ECB policymakers have argued about future inflation, warned about the risk of a “regime shift” in prices and pushed for a bigger cut in asset purchases.
Some of the ECB’s more conservative governing council members were concerned about “upside risks” to the central bank’s inflation projection, according to the minutes of its September meeting, which were published by the central bank on Thursday.
The discussion focuses on how the recent spike in eurozone inflation to its highest level in more than a decade is causing disagreement among ECB rate-setters about how long the price surge will stay and whether the central bank should modify the monetary policy as a result.
Last month, the European Central Bank predicted that inflation will fall from 2.2 percent this year to 1.7 percent next year and 1.5 percent in 2023. According to the minutes, the majority of ECB council members agreed with the forecast. However, some council members expressed doubts about the central bank’s estimates after the central bank continuously miscalculated how high energy prices and supply constraints would force inflation above its 2% target this year.

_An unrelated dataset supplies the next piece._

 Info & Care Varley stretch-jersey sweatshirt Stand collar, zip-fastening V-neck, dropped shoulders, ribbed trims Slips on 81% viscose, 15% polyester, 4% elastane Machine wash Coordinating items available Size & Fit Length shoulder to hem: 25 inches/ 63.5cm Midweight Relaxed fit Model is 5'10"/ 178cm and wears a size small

Council Members Argued Inflation Would Exceed the ECB Forecasts
They added that the ECB’s recent decision to take growing house prices into consideration would “lead to a higher projected path for inflation.” According to figures released on Thursday, eurozone house prices rose 6.8% in the year to the second quarter, the most significant increase in 15 years.

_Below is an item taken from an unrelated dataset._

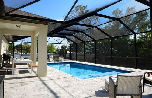 welcome to the grace place! a beautiful new construction home completed in 2021, located in fort myers, fl It's the perfect location to enjoy beaches, shopping, restaurants & more! Step into this very clean & bright, open floor plan home featuring 4 bedrooms (sleeping 8), 2 full bathrooms, stocked kitchen, washer/dryer & an outdoor grill. Relax outside in the heated pool with a tanning ledge surrounded by a screen enclosure, or enjoy dinner on the large patio surrounding the pool!.

Some council members predicted that policies to fight climate change and future rises in carbon prices would “likely contribute to sustained higher price pressures for several years.”

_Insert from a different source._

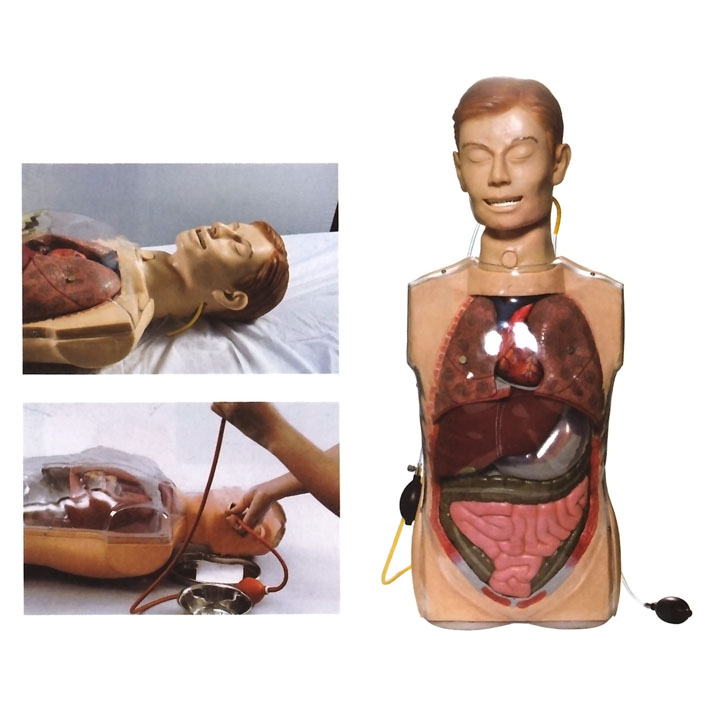 該產(chǎn)品模擬成人男性上半身結(jié)構(gòu),解剖結(jié)構(gòu)包括鼻腔、口腔、牙、舌、懸雍垂、會厭、聲帶、氣管、支氣管、雙肺、食管、胃、肝臟、小腸,采用進(jìn)口材料制成,手感真實(shí),胃部采用高強(qiáng)度透明材料制成,方便觀察。

Since the September gathering, European gas prices have climbed sharply, and the cost of carbon credits has reached new highs of more than €60 per tonne.
ECB this month declared a “moderate” slowing in the pace of its €1.85 trillion emergency bond-buying program, which was initiated in response to the epidemic, in reaction to increasing inflation and improved financial conditions.
According to the minutes, several more hawkish policymakers urged for “a more considerable slowdown in the rate of purchases.” Others, however, refused.